• _ASSIGNMENT_
Please retype the records below exactly as they appear, leaving out every picture.

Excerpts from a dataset
——————
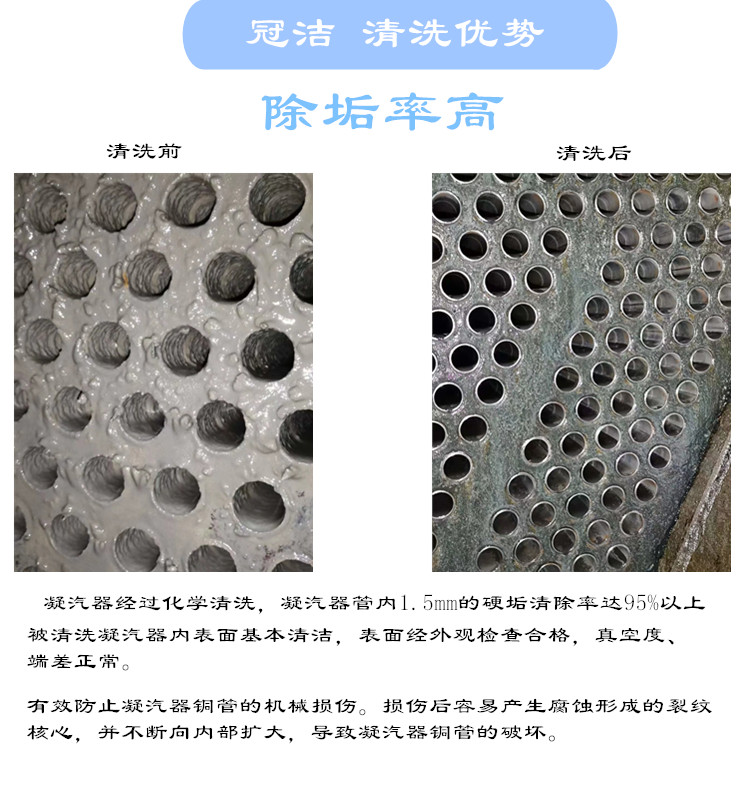 在進行凝汽器化學清洗時,作為凝汽器清洗廠家,應對凝汽器設備情況進行分析,以及結合眾多電廠凝汽器清洗經(jīng)驗,用GJ-4E水垢清洗劑進行化學清洗。
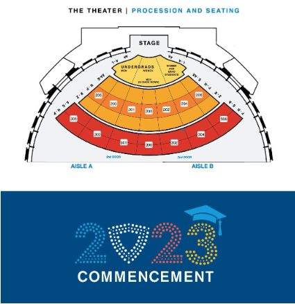 The graduates will be sitting in the front of the theater, at the base of the stage.  The women graduates will be seated on the right side and the men graduates will be seated on the left side of the venue.
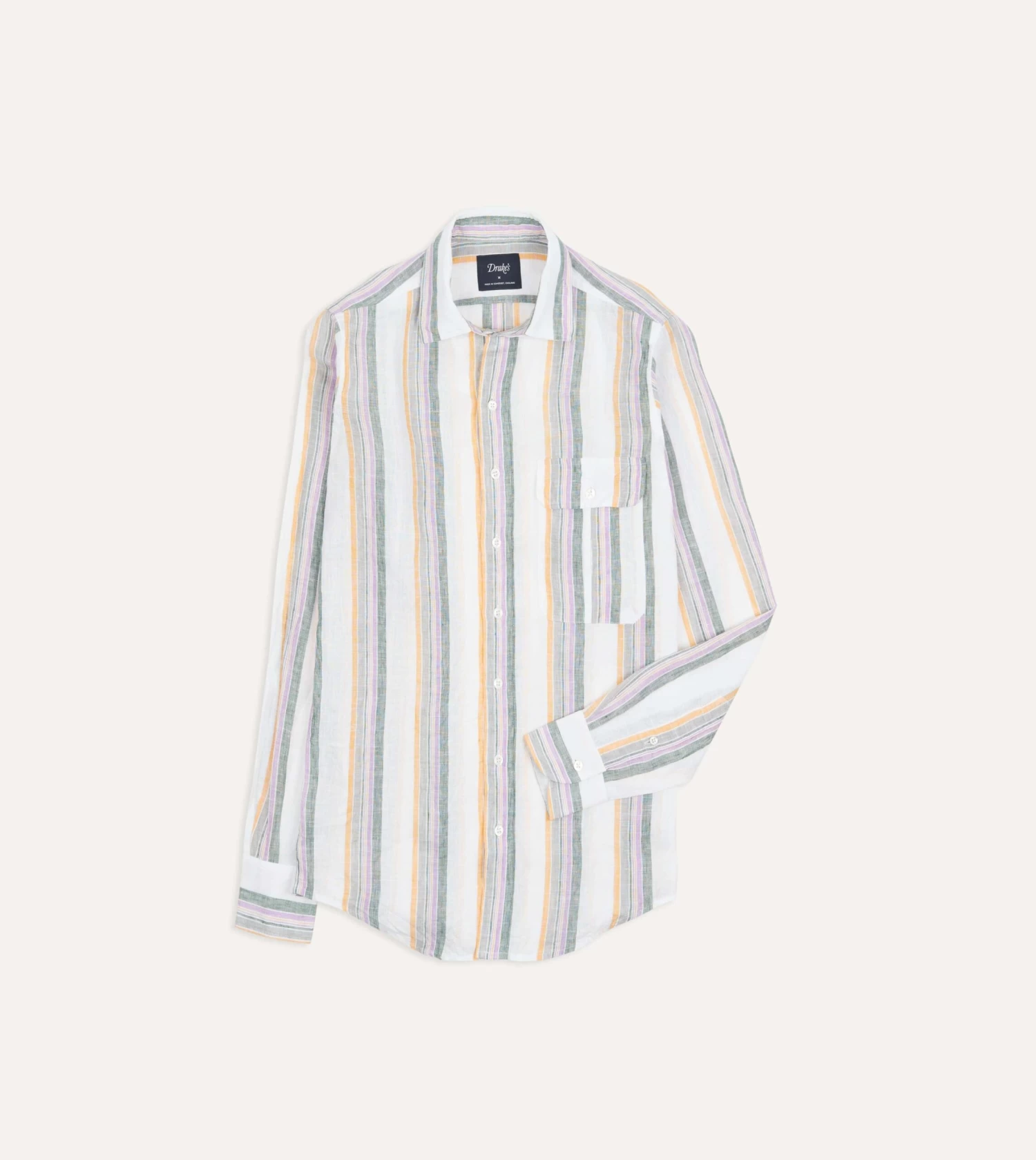Woven in Como, Italy exclusively for Drake’s, this lightweight linen piece features a spread collar and the same the same single-needle construction and mother of pearl values de rigueur to Drake’s shirting.
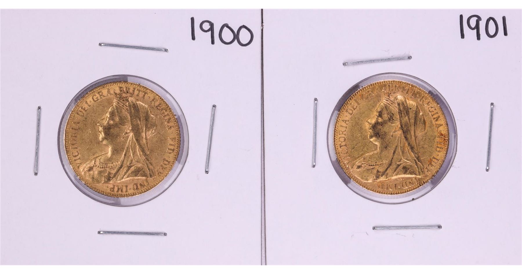One Lot of 1900-1901 Great Britain Sovereign Gold Coins.
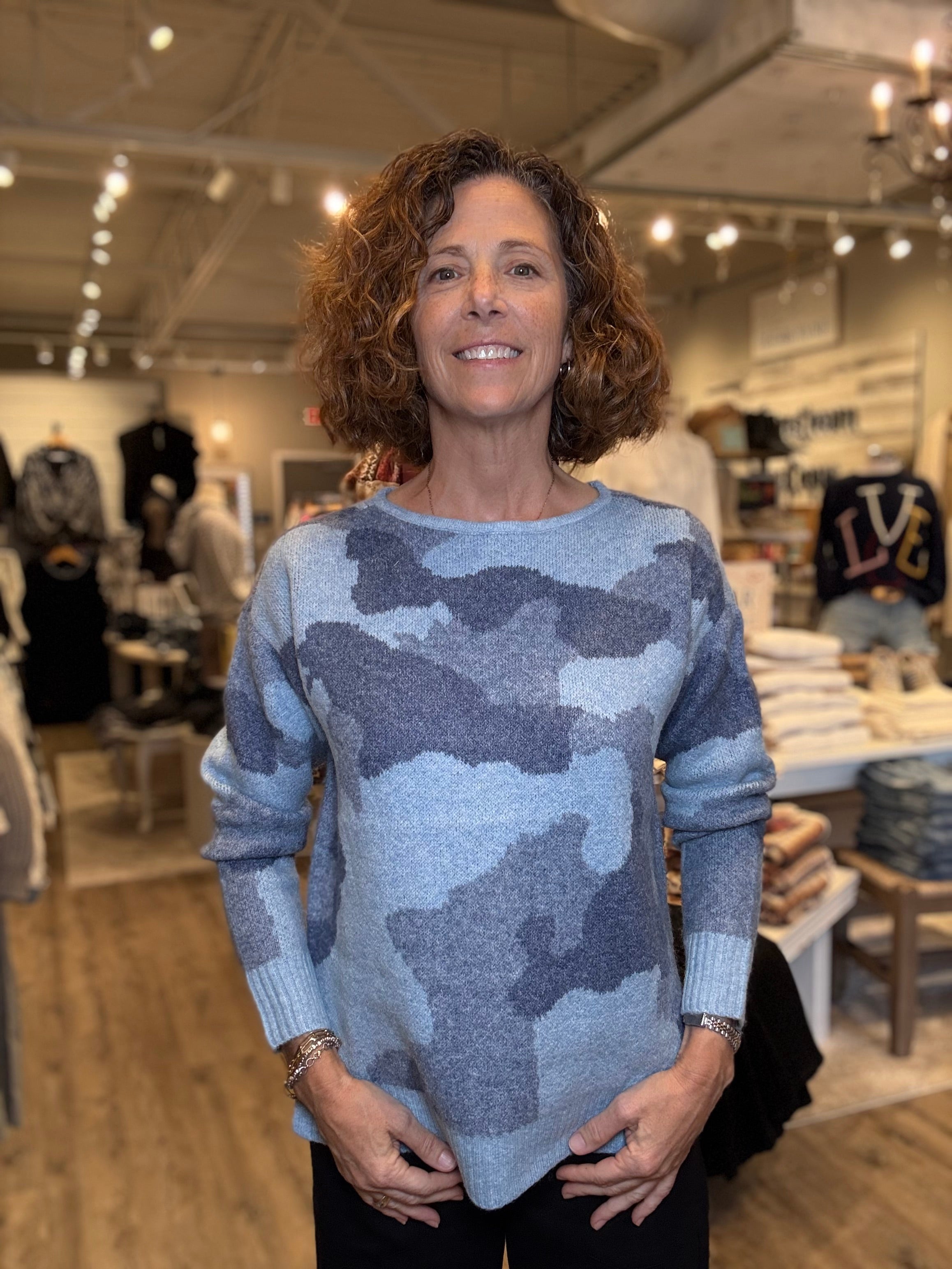 Whether you love the soft grey neutral tones or the cool blue camo, these sweaters are cozy, chic, and perfect for layering.
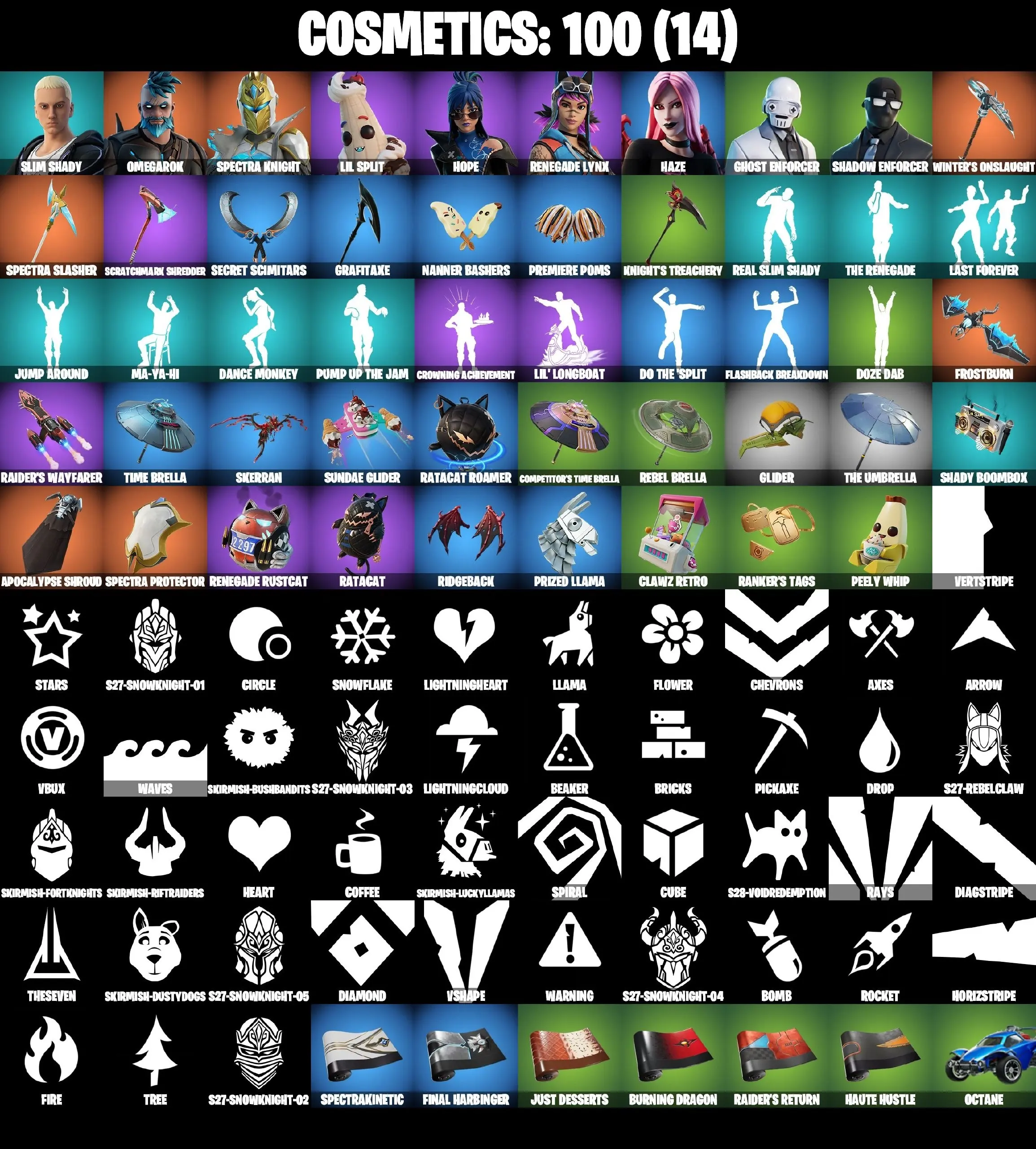 ❤️ 9 SKINS ❤️ 100 cosmetics ❤️ Slim Shady ❤️ Omegarok ❤️ Spectra Knight ❤️ Lil Split ❤️ Hope ❤️ Renegade Lynx ❤️ Haze ❤️ CAN PLAY ON PSN ❤️ XBOX ❤️ PC ❤️ NINTENDO ❤️ MOBILE ❤️
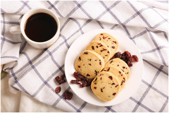 4、后用模具压出形状,放入预热190℃的荣事达蒸烤箱中烤11分钟至金黄略硬,取出完全放凉即可。
——————
• _WRITTEN RESPONSE_
 在進行凝汽器化學清洗時,作為凝汽器清洗廠家,應對凝汽器設備情況進行分析,以及結合眾多電廠凝汽器清洗經(jīng)驗,用GJ-4E水垢清洗劑進行化學清洗。
 The graduates will be sitting in the front of the theater, at the base of the stage.  The women graduates will be seated on the right side and the men graduates will be seated on the left side of the venue.
Woven in Como, Italy exclusively for Drake’s, this lightweight linen piece features a spread collar and the same the same single-needle construction and mother of pearl values de rigueur to Drake’s shirting.
One Lot of 1900-1901 Great Britain Sovereign Gold Coins.
 Whether you love the soft grey neutral tones or the cool blue camo, these sweaters are cozy, chic, and perfect for layering.
 ❤️ 9 SKINS ❤️ 100 cosmetics ❤️ Slim Shady ❤️ Omegarok ❤️ Spectra Knight ❤️ Lil Split ❤️ Hope ❤️ Renegade Lynx ❤️ Haze ❤️ CAN PLAY ON PSN ❤️ XBOX ❤️ PC ❤️ NINTENDO ❤️ MOBILE ❤️
 4、后用模具压出形状,放入预热190℃的荣事达蒸烤箱中烤11分钟至金黄略硬,取出完全放凉即可。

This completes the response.